This kind of problem can be classified as a clustering problem. But what is clustering? Clustering or cluster analysis is the task of grouping a set of data into a selection of homogeneous or similar items. The concept of homogeneous or similar is defined in such way. So to solve this kind of problems is necessary:

  • Define the “resemblance” measure between elements (concept of similarity)
  • Find out if the subset of elements that are “similar”, in according to the measure chosen

The algorithm determines which elements form a cluster and what degrees of similarity unites them within a cluster. Refers to my previous post, clustering is a problem that can be solved with algorithms that belong to unsupervised methods, because the algorithm doesn’t know any kind of information about structure and characteristics of the clusters.

In particular, for this problem I’ll use the k-means algorithm: k-means is an algorithm that finds k groups (where k is defined) on a given dataset. Each group is described by a centroid that represents the “center” of each cluster. The concept of center is always referred to the concept of distance that we have chosen for the specific problem.

For our problem, the concept of distance is simple, because is the real distance between two points defined by a latitude and a longitude. For this reason, can’t be used the euclidean distance but is necessary to introduce the spherical law of cosine to compute the correct distance from to geographical points.

But how k-means algorithm work? Its follow an iterative procedure:

Flow graph for k-mean point

The popularity of this algorithm come from its:

  • convergence speed
  • ease of implementation

On the other hand, the algorithm doesn’t guarantee to achieve of the global optimum. The quality of the final solution strongly depends on the initial set of clusters. Since the algorithm is extremely fast, it’s possible to apply it several times and chose the best solution.

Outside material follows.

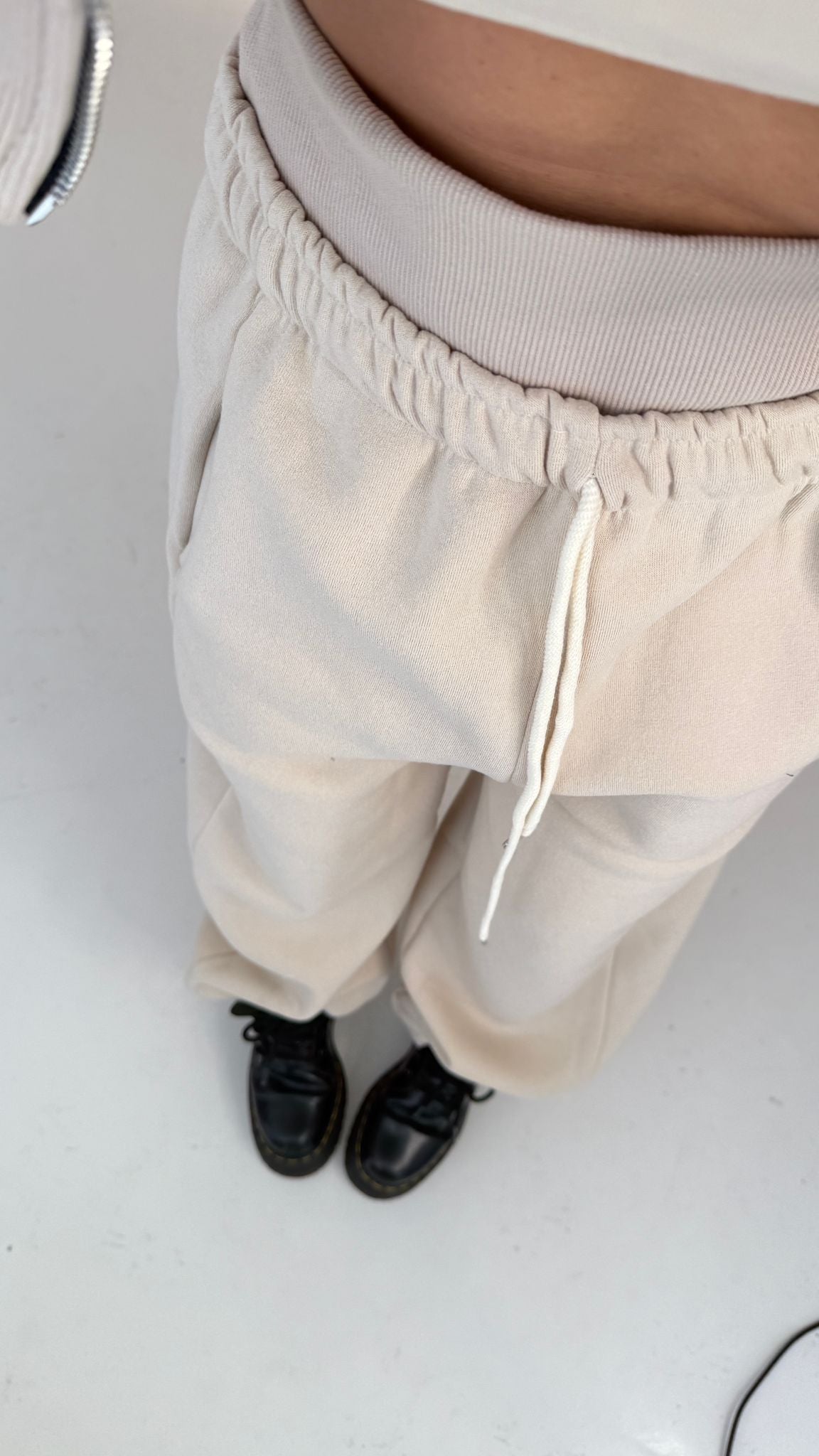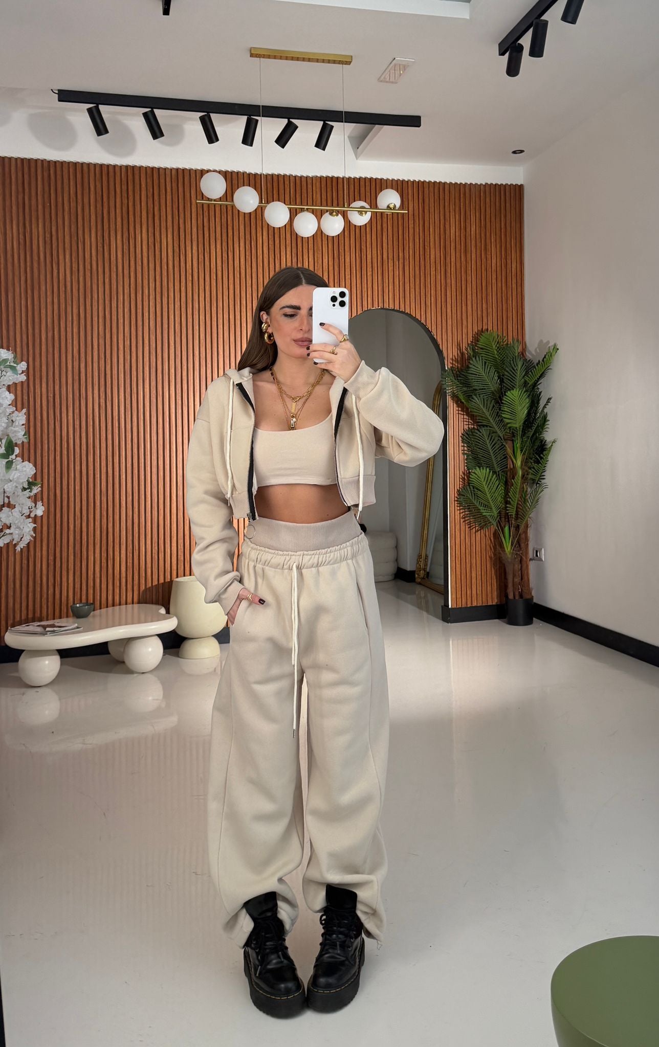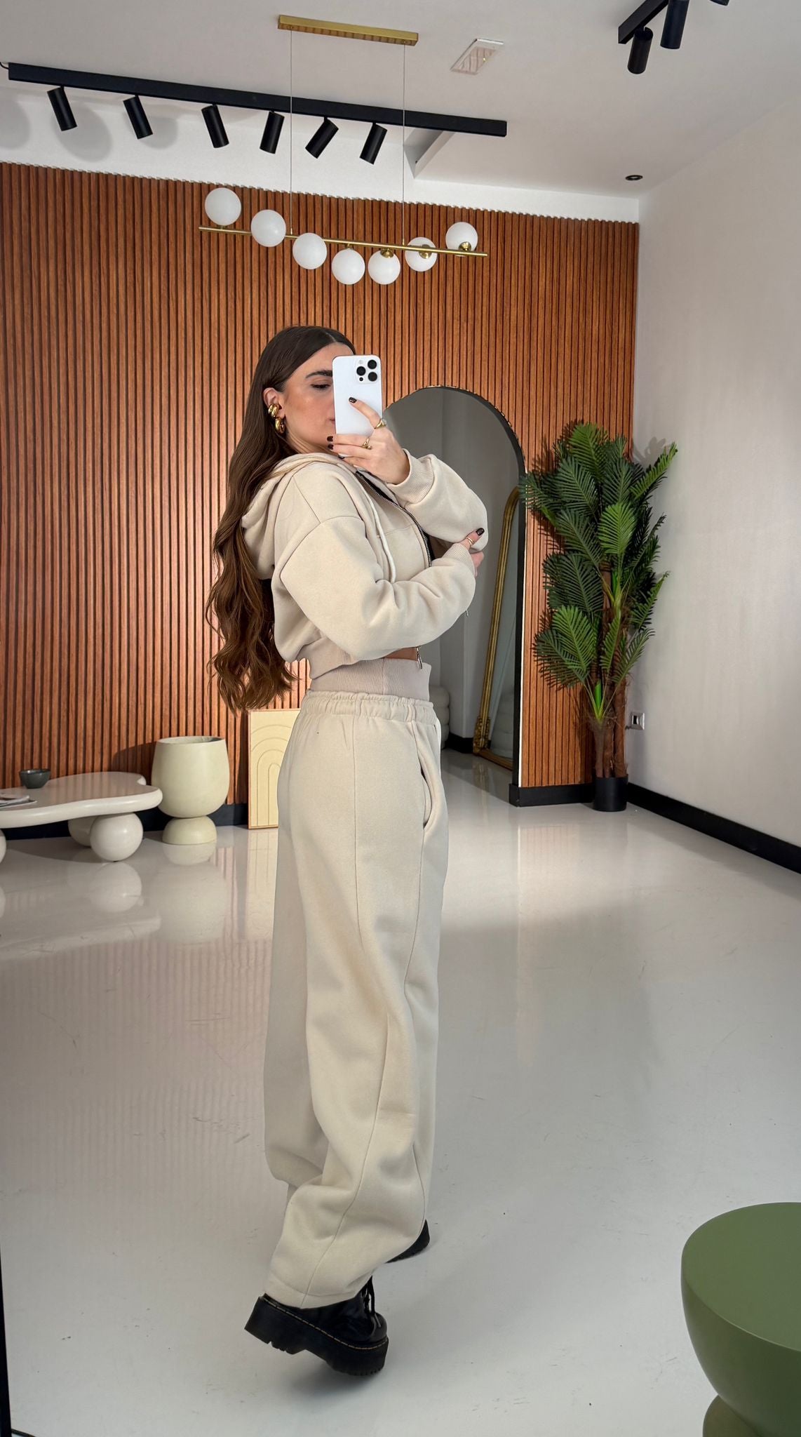 Coordinato da donna composto da felpa crop con cappuccio, chiusura zip sul davanti felpato internamente in pile e maglia crop inclusa, mentre il pantalone con elastico in vita modello ballon, felpato anch’esso interamente in pile con fascia alta ad effetto box. Vestirà bene fino ad una M/L piena, la modella è alta 1,65 e pesa 52/53 kg.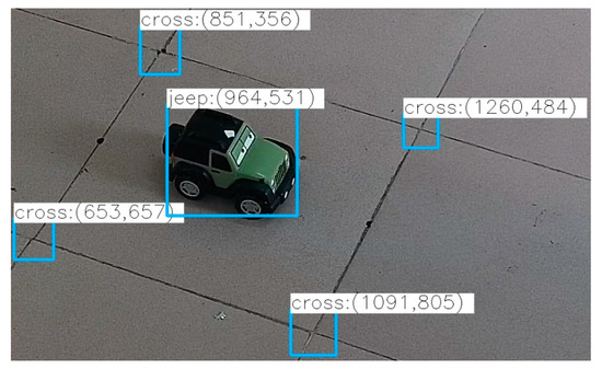 The size of the image is 1920 (pixel) ∗ 1080 (pixel), so the coordinates of the image’s principal point are (963, 557). YOLOv4 detected the coordinates of each vertex (Figure 12). Then, the cell where the image principal point is located in the world coordinate system can be calculated by using the proposed cell recognition method. Then, the world coordinates and error coordinates of each vertex of the cell where the image principal point is located can be determined (Table 2 or Table 3). The homography matrix can be obtained according to the PnP algorithm. Then, the initial world and error coordinates of the WRC-Jeep can be obtained according to the image coordinates of the WRC-Jeep. The fourth column of Table 4 is the initial world coordinates of the WRC-Jeep, and the fourth column of Table 5 shows the error coordinates of the WRC-Jeep; the accurate world coordinates of the target can be solved.

This algorithm starts with a definition of k cluster, where k is defined by the user. But how does the user know if k is the correct number? And how he know if the clusters are “good” clusters? One possible metrics to measure the quality of the clusters is SSE (Sum of square error), where error is the distance from the cluster centroid to the current point. Because this error is squared, this places more emphasis on the points far from the centroid.

In the next post, I’ll show a possible way to solve this problem in TensorFlow.  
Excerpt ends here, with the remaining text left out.